• DATA SHOWN

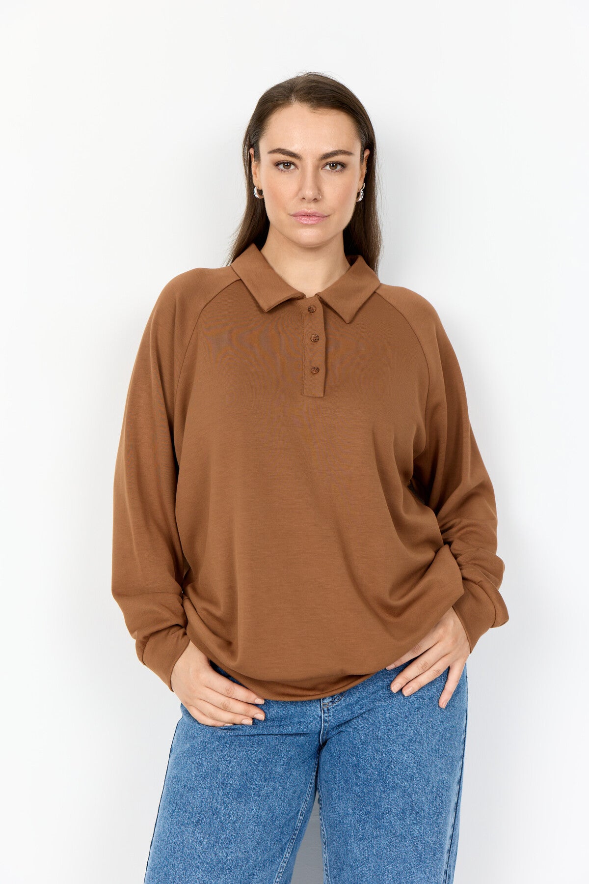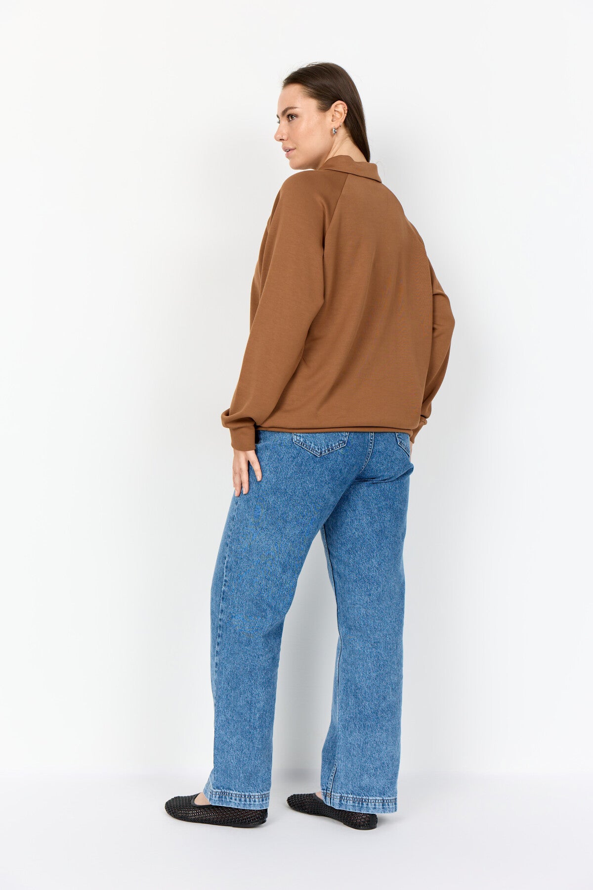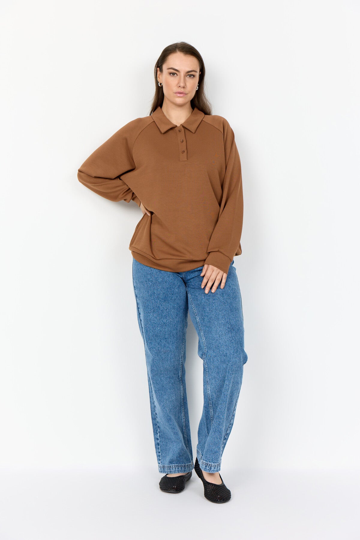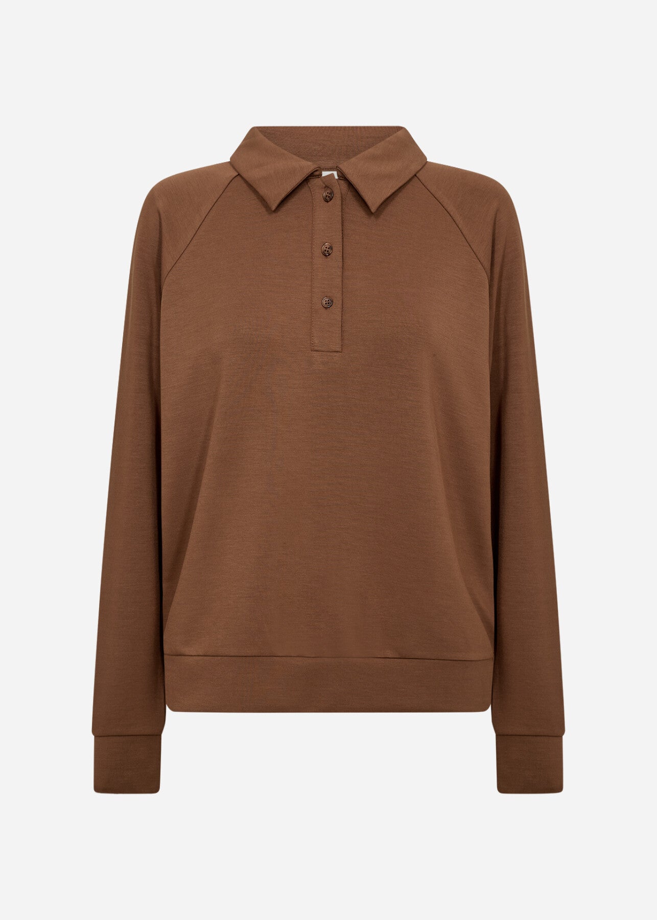 WA-SABINA 73 är en unik sweatshirt tillverkad i en blandning av 48% modal, 48% polyester och 4% elastan. Denna sweatshirt har en klassisk polokrage, en knappslå, en avslappnad passform och ribbade muddar för extra komfort. Kombinera den med dina favoritjeans för en stilren look, eller med våra matchande sweatpants för en bekväm men snygg look.
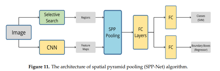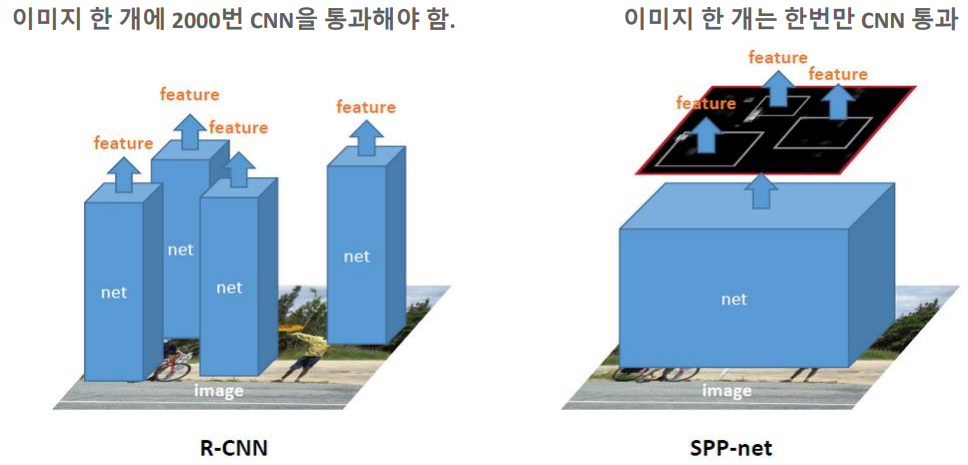 - CNN 계층 반복하다가 마지막 부분에서의 풀링을 SPP pooling으로 바꿔버림
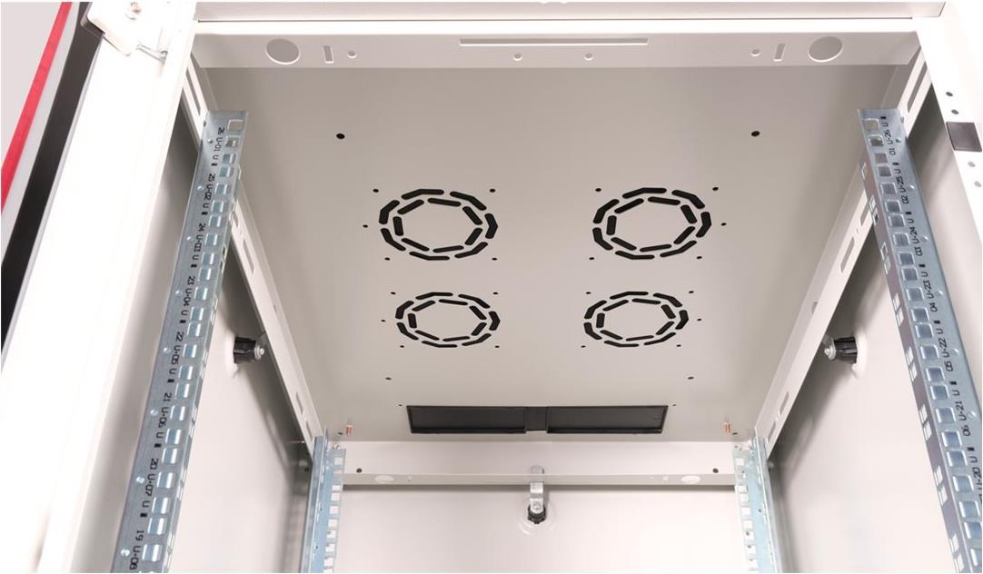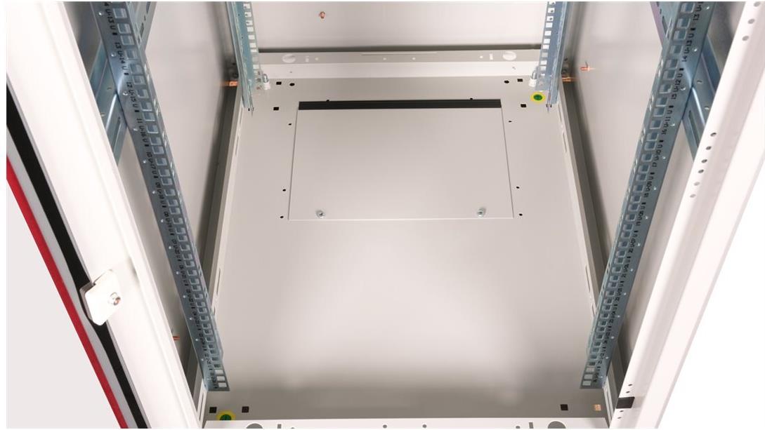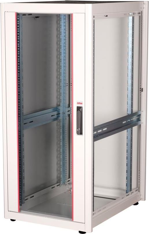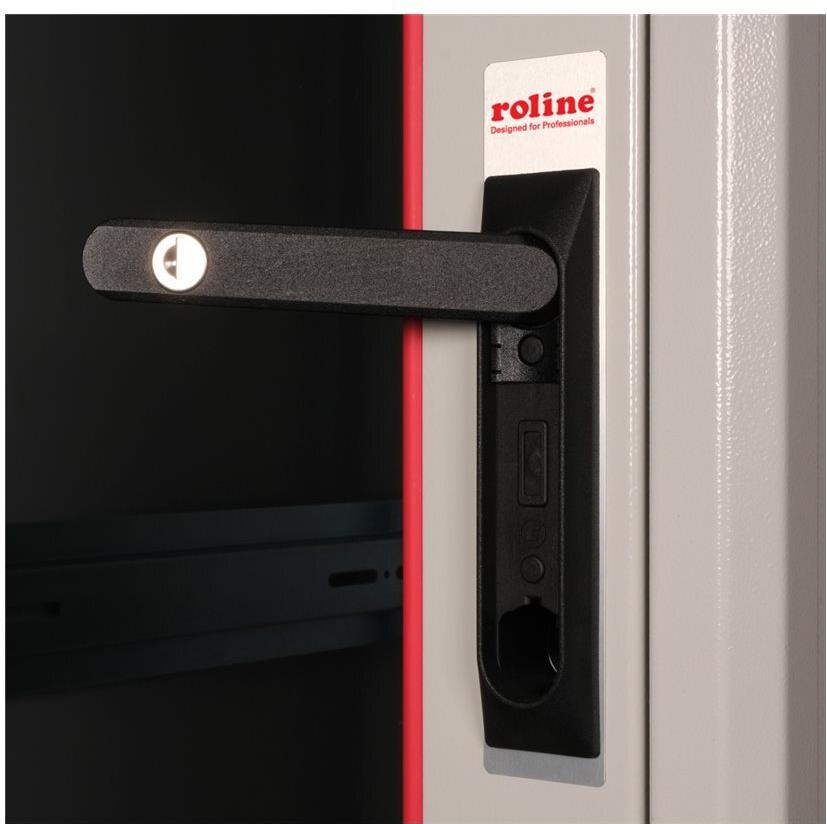 ROLINE 19 Zoll Netzwerkschrank Basic 26 HE 600x800 BxT Glastür grau Die Netzwerkschränke der ROLINE Basic Serie wurden entwickelt, um einen einfachen und besonders kosteneffizienten Netzwerkausbau zu ermöglichen. Durch strategisch platzierte Kabeleinlässe ist eine mühelose Installation je nach Anwendungsfall gewährleistet. Im Bodenchassis befindet sich der Kabeleinlass, der durch eine verschraubte Abdeckplatte geschützt und im hinteren mittigen Bereich positioniert ist. Bei Schränken ab 800 mm Breite werden zusätzliche Kabeleinlässe mit Kunststoffabdeckung links und rechts hinzugefügt. Diese sind auch im Dach integriert (einmal bei 600 mm Schrankbreite, dreimal bei 800 mm Schrankbreite). Für die Installation eines Lüftermoduls ist das Dachchassis ebenfalls mit einem ausgestanzten Bereich versehen. Die Lüftereinheit kann nur von innen installiert und deinstalliert werden. Im Inneren sind zwei Paar galvanisierte 19"-Profilschienen verbaut, die in beide Richtungen ablesbar sind und sich in der Tiefe verstellen lassen. Sie sind zudem mit zusätzlichen Tiefenstreben im Schrank verbunden. Jeder Schrank besteht aus einer robusten Stahlkonstruktion mit einer Materialstärke von bis zu 1,5 mm Stahlblech. Die Farbgebung erfolgt mittels elektrostatischer Pulverbeschichtung in den Standardfarben Grau (RAL 7035) und Schwarz (RAL 9005). Abnehmbare Seiten- und Rückwände sowie eine abschließ- und abnehmbare Fronttür verbessern die Zugänglichkeit. Ein Wechsel des Türanschlags ist möglich. Zudem sind die Schränke aufgrund ihrer zerlegbaren Konstruktion bei Bedarf vollständig demontierbar.

• YOUR OBJECTIVE
All of the data should be returned word for word, with each picture left out.

• ANSWER TO THE EXERCISE
 WA-SABINA 73 är en unik sweatshirt tillverkad i en blandning av 48% modal, 48% polyester och 4% elastan. Denna sweatshirt har en klassisk polokrage, en knappslå, en avslappnad passform och ribbade muddar för extra komfort. Kombinera den med dina favoritjeans för en stilren look, eller med våra matchande sweatpants för en bekväm men snygg look.
 - CNN 계층 반복하다가 마지막 부분에서의 풀링을 SPP pooling으로 바꿔버림
 ROLINE 19 Zoll Netzwerkschrank Basic 26 HE 600x800 BxT Glastür grau Die Netzwerkschränke der ROLINE Basic Serie wurden entwickelt, um einen einfachen und besonders kosteneffizienten Netzwerkausbau zu ermöglichen. Durch strategisch platzierte Kabeleinlässe ist eine mühelose Installation je nach Anwendungsfall gewährleistet. Im Bodenchassis befindet sich der Kabeleinlass, der durch eine verschraubte Abdeckplatte geschützt und im hinteren mittigen Bereich positioniert ist. Bei Schränken ab 800 mm Breite werden zusätzliche Kabeleinlässe mit Kunststoffabdeckung links und rechts hinzugefügt. Diese sind auch im Dach integriert (einmal bei 600 mm Schrankbreite, dreimal bei 800 mm Schrankbreite). Für die Installation eines Lüftermoduls ist das Dachchassis ebenfalls mit einem ausgestanzten Bereich versehen. Die Lüftereinheit kann nur von innen installiert und deinstalliert werden. Im Inneren sind zwei Paar galvanisierte 19"-Profilschienen verbaut, die in beide Richtungen ablesbar sind und sich in der Tiefe verstellen lassen. Sie sind zudem mit zusätzlichen Tiefenstreben im Schrank verbunden. Jeder Schrank besteht aus einer robusten Stahlkonstruktion mit einer Materialstärke von bis zu 1,5 mm Stahlblech. Die Farbgebung erfolgt mittels elektrostatischer Pulverbeschichtung in den Standardfarben Grau (RAL 7035) und Schwarz (RAL 9005). Abnehmbare Seiten- und Rückwände sowie eine abschließ- und abnehmbare Fronttür verbessern die Zugänglichkeit. Ein Wechsel des Türanschlags ist möglich. Zudem sind die Schränke aufgrund ihrer zerlegbaren Konstruktion bei Bedarf vollständig demontierbar.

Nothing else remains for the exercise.